Sql-server – SQL Server Service Account – Things to test post change (from Local System to Network Service)

sql serversql-server-2008-r2sql-server-2012

We needed to change the SQL Service Account for the SQL Server Database Engine & Agent Services from Local System as it has extensive predigests.

What are the things that we should do to test within the SQL Server database itself to ensure that there are no issues / permission problems with this change?

Note the service has been changed, and seems to be running fine Both Agent Services / SQL Server Engine.

The two versions we are implementing this in are SQL Server 2008 R2 and SQL Server 2012.

Best Answer

In Short: Everything and Anything. And Nothing.

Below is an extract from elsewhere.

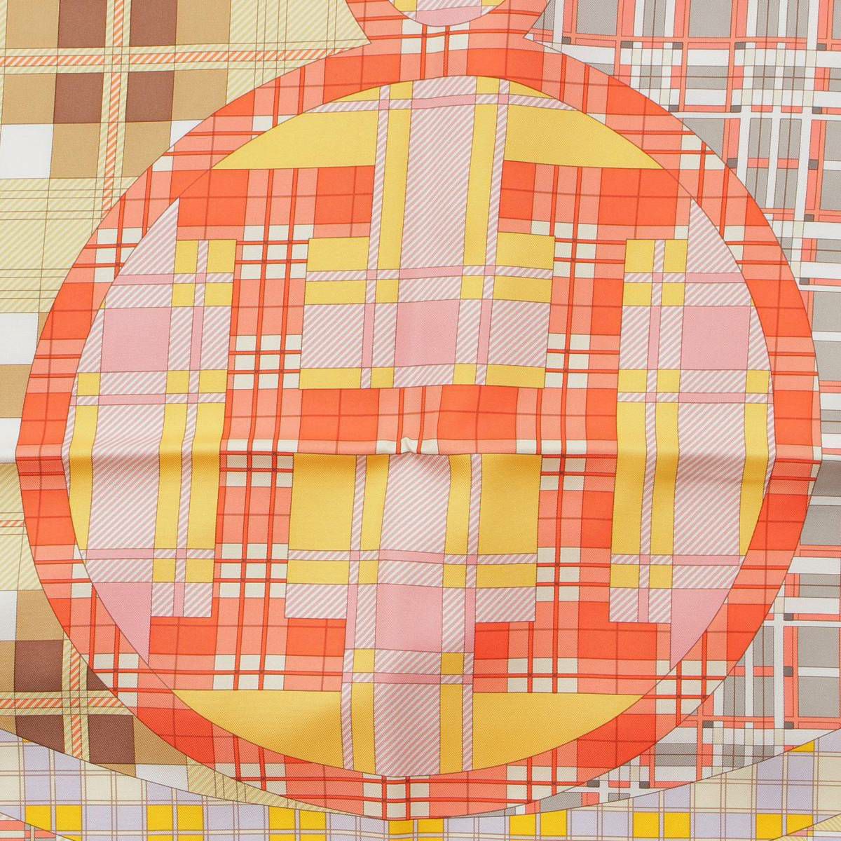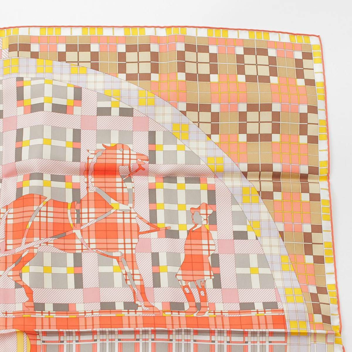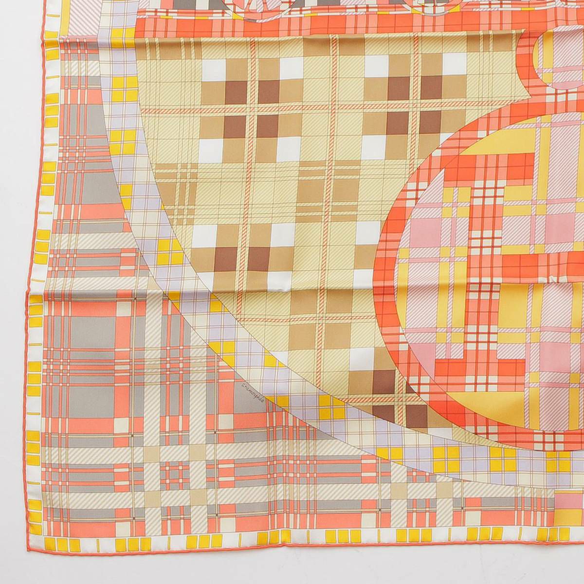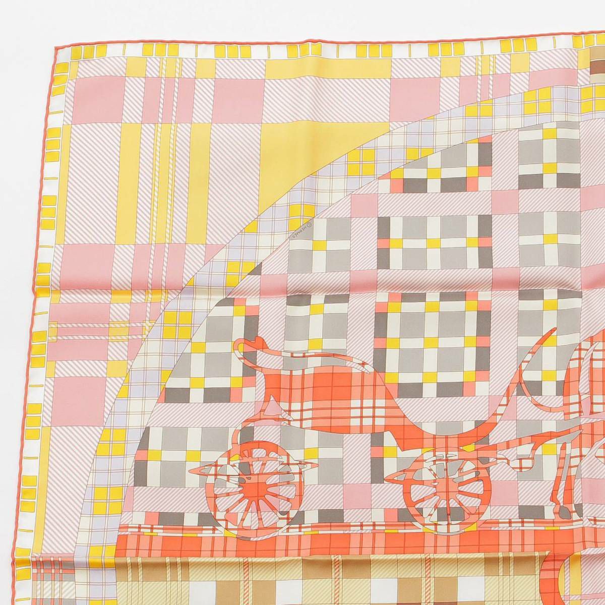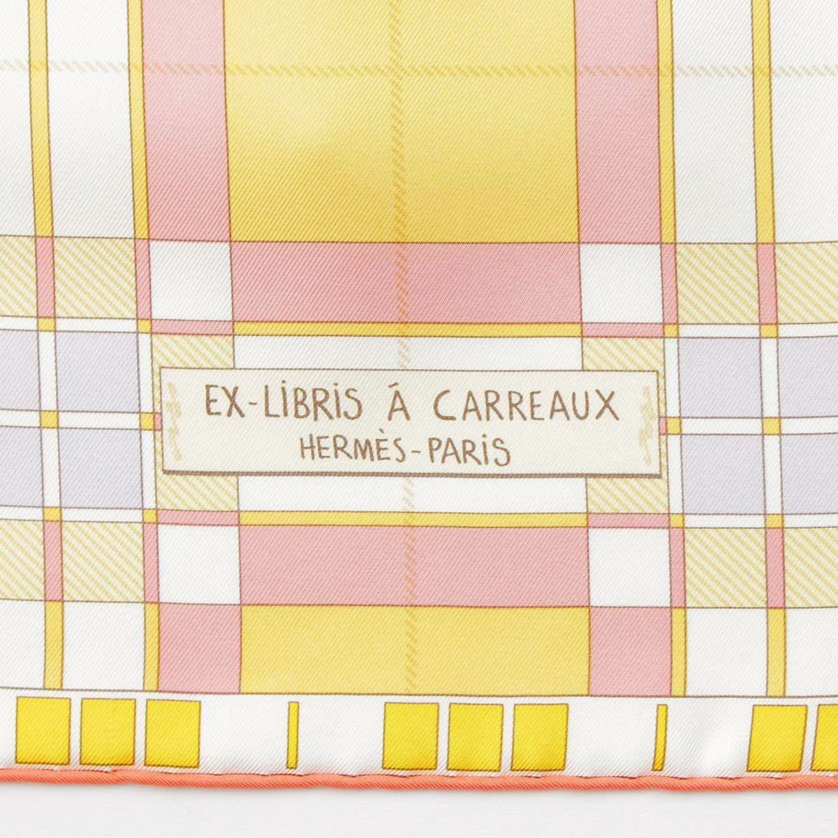 エルメス カレ90 Ex-Libris A Carreaux エクスリブリス チェック シルクスカーフ コーラル

But seriously: A few thoughts about changing the SQL Server service account:

  1. ALWAYS use the SQL Server configuration manager. This tool is smart. It knows what permissions need to be assigned to the service account. And generally does it. If you change it from windows services control panel - GOOD LUCK.
  2. The service account is how SQL Server interacts locally and to the network. So moving from local system - you shouldn't care about breaking networked connections - since they wouldn't work anyway. But you would generally want to make sure things like "Will SQL Server start?" happen (that means it can at least read the drives that master/model/msdb/tempdb and the error logs are on). And that verifies the registry.
  3. If you assigned Perform Volume Maintenance Tasks to a SQL Server service account before - that will likely need to be assigned again.
  4. Generally this is a safe move. As long as you do it through the SQL Server configuration manager. Often we'll see folks do this through windows services control panel, something breaks, so they quickly grant their service account local admin rights - and "poof!" everything works.

In your particular case though - you are moving from one special privileged account to another. As you have seen - you were safe and things worked. I would also take this time to question the choice of the service account.

Are you on a domain? Why not use a domain user account per the best practices? The local accounts with special privileges are not the most secure or reliable service account choices. This article from Microsoft explains more there.